Dec. 14 (Bloomberg) -- The Czech Republic should have sought stronger assurances that the single European banking supervisor won’t weaken its domestic regulatory powers, the central bank said.
European Union leaders agreed to start work next year on a single-resolution mechanism for euro-area banks to complement the European Central Bank’s oversight role approved yesterday.

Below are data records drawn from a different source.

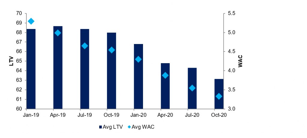 Looking at the attributes of investor loans recently delivered to the enterprises shows that much of their recent production is comprised of lower WAC lower LTV loans that may find a home in private-label deals if they begin to curtail their purchases. In the fourth quarter of last year, the enterprises collectively originated over $36 billion of investor loans, representing slightly less than 5% of their total issuance. The loans had an average LTV of 63 and an average WAC of 3.32% suggesting that a considerable swath of these loans could be securitized efficiently in private-label deals. Obviously fueled in no small part by the rally in interest rates, average WACs, and LTV ratios across investor loans issued by the agencies have both come down over time, potentially setting up for a smooth transition for the private market to take some share of this production (Exhibit 2).
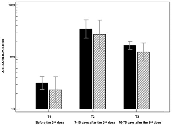 A venous blood sample was collected in Vacutainer tubes 21 days after the first dose and just before the second dose of the vaccine (T1), 7–15 days after the second dose of the vaccine (T2), and 70–75 days after the second and before the third dose of the vaccine (T3). The blood was centrifuged 10 min after collection at 400× g for 10 min at room temperature to isolate serum. Serum samples were then aliquoted and stored at −80 °C until the assays were performed. Antibodies were measured in serum by an anti-SARS-CoV-2-RBD IgG assay (Abbott SARS-CoV-2 IgG II Quant); it quantifies IgG antibodies against the receptor-binding domain (RBD) of the S1 subunit of the spike protein of SARS-CoV-2 by a chemiluminescent microparticle immune assay. The linear range is between 21.0 and 40,000 arbitrary units/mL (AU/mL) and according to the manufacturer, the clinical sensitivity was 98.81% (95% CI 93.56–99.94%) in samples collected ≥15 days after the positive PCR and the clinical specificity 99.55% (95% CI 99.15–99.76%), at a cutoff value 50 AU/mL []. Anti-SARS-CoV-2 RBD IgG assays have shown an excellent correlation with neutralizing antibodies []. The assay is based on chemiluminescent microparticle immune assay (CLIA) []. The correlation coefficient in weighted linear regression of WHO standard with the Abbott anti-RBD is 0.999, and transformation of Abbott anti-RBD AU/mL to WHO binding antibody units (BAU)/mL is feasible using the equation BAU/mL = 0.142 × AU/mL [].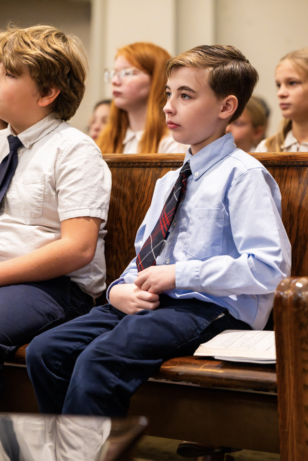 The boys think that the ties make them look handsome. When I asked them at morning prayer why we wear a tie to Mass, one third grader, Craig Price, said, "we want to thank God for all of our blessings, and wearing a tie to Mass shows God that we care about how we look in His house". As for wearing school uniform: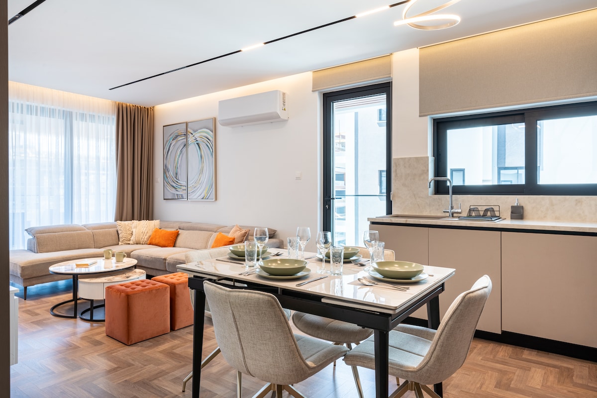 Welcome to our Chic & Modern 1-Bedroom Apartment! This brand-new, tastefully designed apartment offers a cozy and elegant home away from home in a quiet neighborhood, just minutes drive from downtown Larnaca and within walking distance to the beach. Enjoy the comfort of a stylish living area and unwind on the private balcony with lovely side views of the sea - perfect for a morning coffee or a relaxing evening. Ideal for both short getaways and extended stays.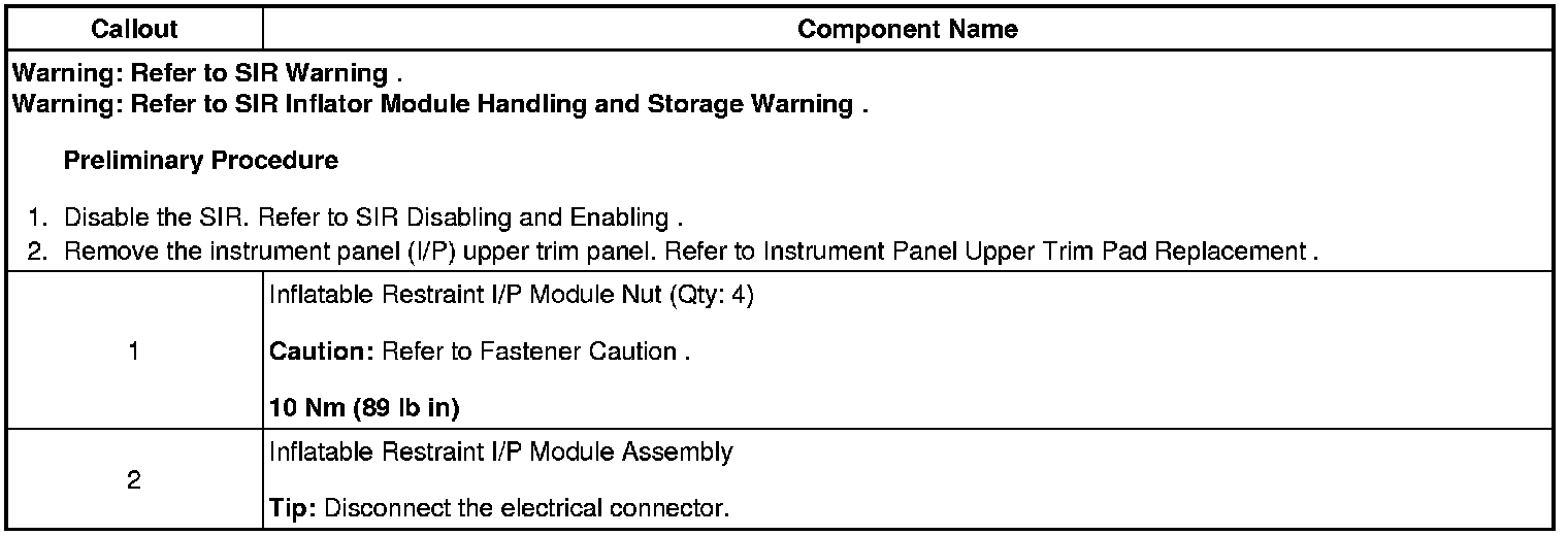 Instrument Panel Inflatable Restraint Module Replacement

The Czech Republic, which isn’t a member of the 17-nation euro area, had requested guarantees that the new supervisory framework won’t weaken its domestic regulator, the central bank.
The Czech political representation didn’t fully incorporate the central bank’s recommendations into its position, the Prague-based Ceska Narodni Banka said in an e-mailed statement today.
“In our opinion, the assurances given to the Czech Republic could be stronger,” Miroslav Singer, the bank’s governor, said in the statement. “In the final phases of the negotiations, we at the CNB had a different view on the extent to which the proposed compromise sufficiently allays the concerns that we jointly identified at the outset together with the other Czech authorities.”
The Czech Republic, which has no target date for joining Europe’s single currency, is seeking to prevent an outflow of deposits from local banks.
Deposits in Czech banks, mostly owned by foreign institutions including Erste Group Bank AG, KBC Groep NV and Societe Generale SA, exceed loans by more than 30 percent, according to central bank statistics.